Изменить стиль страницы

Конфликт «живого» и «смертоносного», сформулированный Белым и Брюсовым, стал на втором круге определяющим для Пастернака в содержательной сфере идиостиля, в то время как в операциональной поэт ставил перед собой чисто формальную задачу, которая «в дальнейшем освободит ритм от сращенности с наследственным содержанием» [Переписка, 346]. Однако, как покажет практика, поэмы не смогут освободить поэта от «наследственного содержания», и большая стихотворная конструкция послужит лишь увеличительным «зеркалом», которое «преломит» историю в природу. В этом «зеркале» неточная рифма и эксперименты в области строфики станут инструментом поиска нужного семантического «преломления», закрепленною в ритме и звуке, и неточная рифма выступит как сильная позиция поэтической проекции «Божьего» и «Исторического» миров.

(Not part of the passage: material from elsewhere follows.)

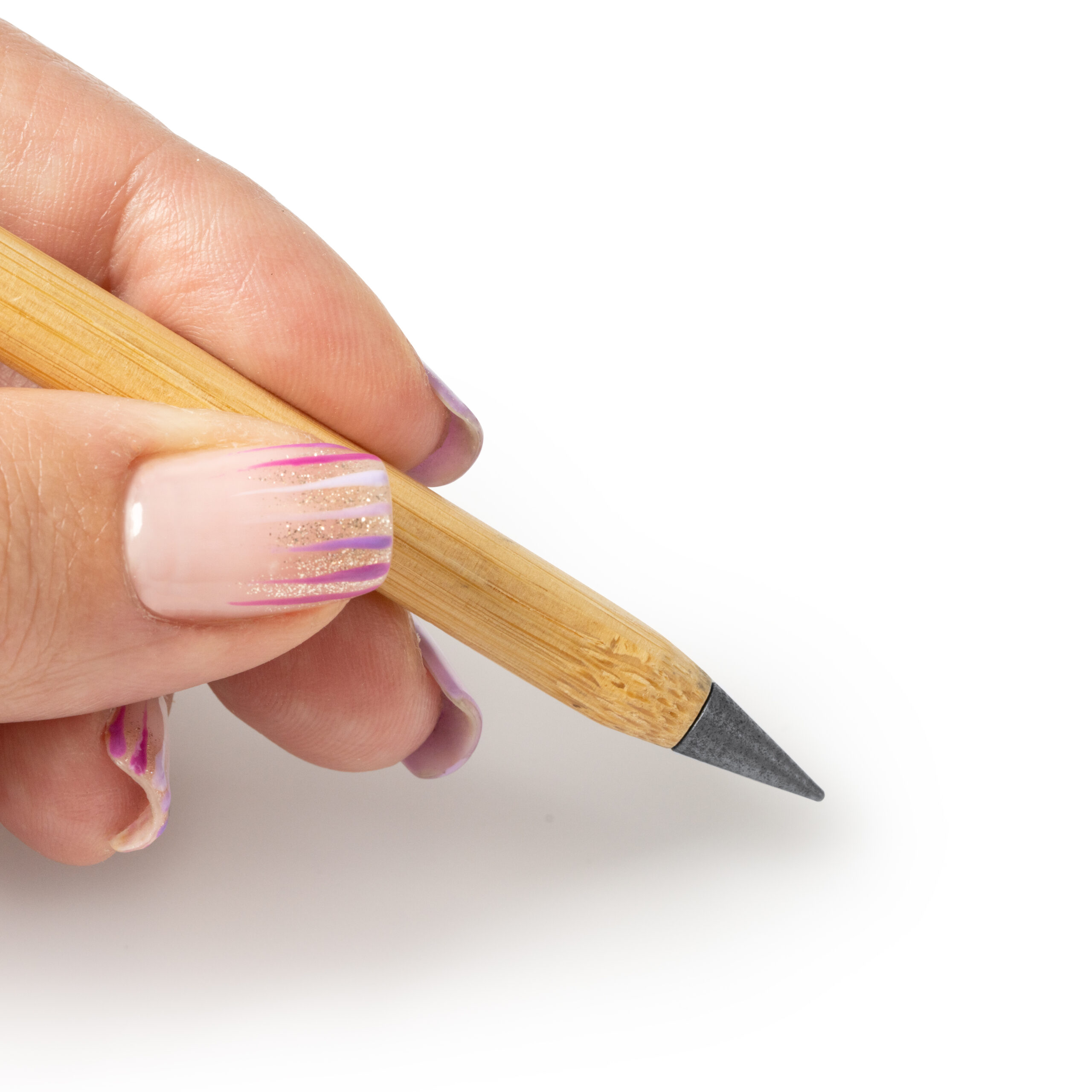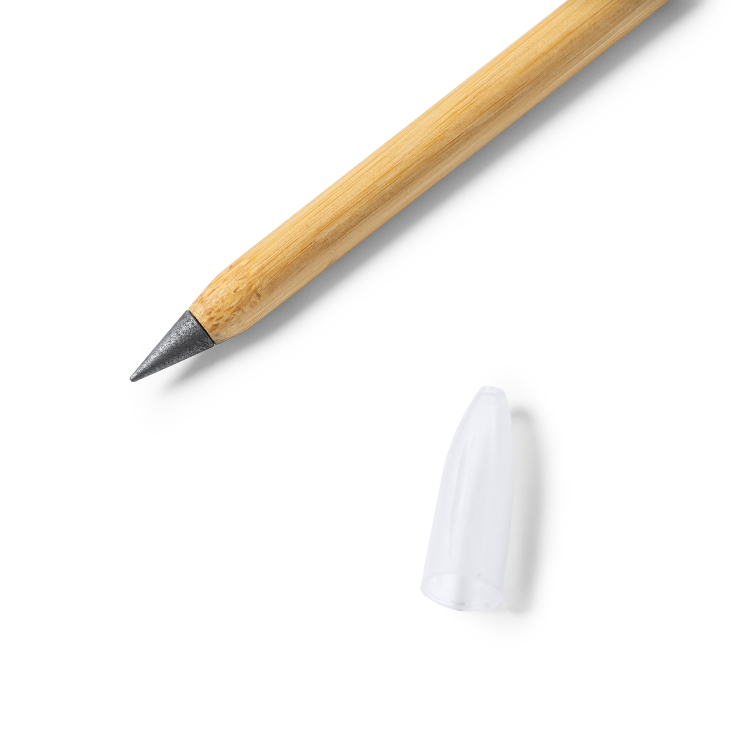 Fantástico lápiz infinito con cuerpo de bambú. Punta de grafito de escritura infinita reemplazable con capucha transparente.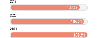 По итогам 2021 года, средняя заработная плата сотрудников увеличилась на 3,0% по сравнению с 2020 годом до 109,9 тыс. руб. в месяц.

При этом с самых ранних лет поэт понимал, что «не надо обманываться: действительность разлагается. Разлагаясь, она собирается у двух противоположных полюсов: Лирики и Истории. Оба равно априорны и абсолютны» (1915) [4, 358]. Поэтому после поэм Пастернак, завершая «противоположности одной сферы», вновь обращается к стихотворениям «Начальной поры» и книге «Поверх барьеров», где образующим заглавие ядром является стихотворный цикл «Петербург». Так замыкается круг «ПБ1» — «ТсВ» — поэмы — «ПБ2», в котором претерпевают трансформации пушкинские исходные символы.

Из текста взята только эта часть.